O doutor tentou recuperar um pouco de compostura. Ele puxou o envelope para mais perto. Chernikov começou a falar em russo no rádio.

Ele o abriu, sacudindo o envelope para despejar seu conteúdo. Para fora caíram fotos de Liesel e das crianças. Seus olhos se arregalaram.

Chernikov não prestava atenção ao doutor enquanto ele continuava sua conversa. Uma voz rouca e monótona falava longamente do rádio, ocasionalmente parando para permitir que Chernikov falasse brevemente. Geissler estudou as fotos; a placa da rua fora da casa estava claramente visível. Ashbury Lane. Eles foram descobertos.

O Major bateu mais três vezes na porta, sua conversa agora encerrada. O ajudante reapareceu, desta vez com dois guardas adicionais. O doutor não tinha visto esses antes.

"Há mais um item naquele envelope, Doutor. Você vai querer ver esse, vai ser reconfortante para você."

O doutor finalmente olhou para Chernikov nos olhos. O russo parecia confiante, despreocupado. Ele olhou dentro do envelope, vendo algo escondido no fundo. Ele o pegou com a mão boa.

"Eu mesmo o coletei, como um favor. Achei que você gostaria de um lembrete. Muitos homens em meu batalhão gostavam de carregar esses por aí."

Doutor Geissler segurava uma mecha de cabelo preto azeviche, amarrada com um pedaço de laço branco que ele reconheceu instantaneamente do vestido de noiva de Liesel.

"Ela não vai sentir falta disso, é claro. Me disseram que ela estava dormindo profundamente. Meus homens entraram e saíram antes que alguém acordasse, ao que parece. Eles são muito bons nisso."

O doutor compreendeu por completo o significado das palavras de Chernikov. Ele havia imaginado que sua própria vida tinha sido perdida assim que ele veio para este lugar; era apenas uma questão de tempo, ele pensou. Pelo que Liesel sabia, ele estava morto desde 1945; uma condição necessária de seu acordo com a Fundação. A morte parecia uma formalidade, um acerto de contas há muito pendentes.
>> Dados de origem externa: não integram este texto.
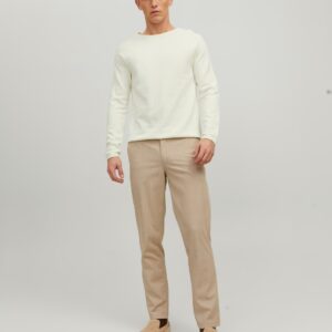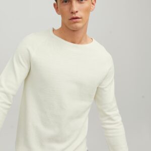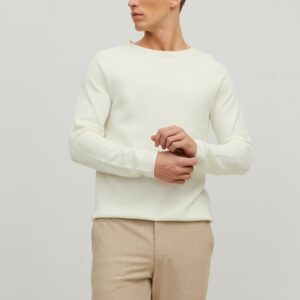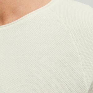 Jack&Jones luonnonvalkoinen neulepaita. O-pääntie, suora helma. Joustava eläväpintainen puuvilla materiaali. Helmassa alhaalla pieni Jack&Jones merkki.
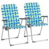 VINGLI Aluminum Patio Lawn Chairs Folding Set of 2 with Detachable Cup Holder, Webbed Beach Chair Folding Chair Outdoor Portable Camping Chair for Yard, Garden Blue
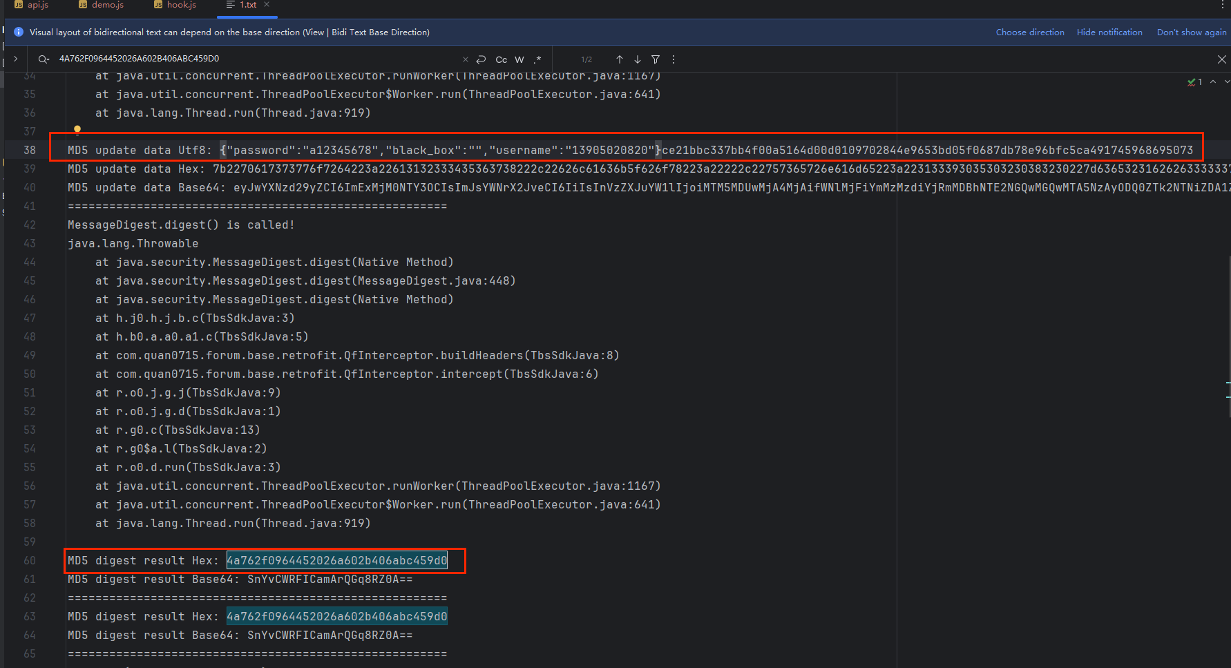 这种乱码,一般都是字节,我们可以hook一下getBytes一探究竟

Mas ele nunca havia imaginado que a Fundação seria comprometida a ponto de expor sua família. A extensão total dos danos estava se tornando mais clara. Seus pensamentos se ramificaram novamente para além de sua própria morte iminente.

"Creio que agora tenhamos sua cooperação total e sem hesitação, Doutor?"

Geissler colocou os pés no chão e, lenta e agonizantemente, levantou-se com as pernas machucadas e sangrando. Ele fechou três tocos e um dedo anelar intacto ao redor da mecha de cabelo de sua esposa, apertando-o em seu punho, sangue fresco saindo das feridas em sua mão e já começando a gotejar.

"Sim. Major."

Chernikov fez sinal para que os guardas entrassem na cela. "Limpem este aqui, arrumem algumas roupas para ele. Aproveitem e alimentem-no."

Os dois guardas foram até o Doutor, começando a tirá-lo da cela de uma maneira estranhamente gentil. Chernikov colocou o chapéu e começou a andar pelo corredor à frente do grupo.

"Estamos voltando para o Sítio-7, Doutor. Há muito a fazer."

O oficial da GRU-P desapareceu na esquina. Os guardas colocaram o doutor em uma cadeira de rodas, esperando do lado de fora da cela. O doutor fez uma nota mental para si mesmo para agradecer devidamente ao Major Chernikov quando tivesse a oportunidade. Ele achava que desejava a morte antes desta visita. Mas agora ela sabia que estava enganado. Afinal, havia algo pelo qual viver.

Os olhos negros e inchados do Doutor Geissler e as escoriações nas córneas tornavam sua expressão ilegível para qualquer um dos guardas e médicos presentes. Seu ódio recém-aceso passou despercebido.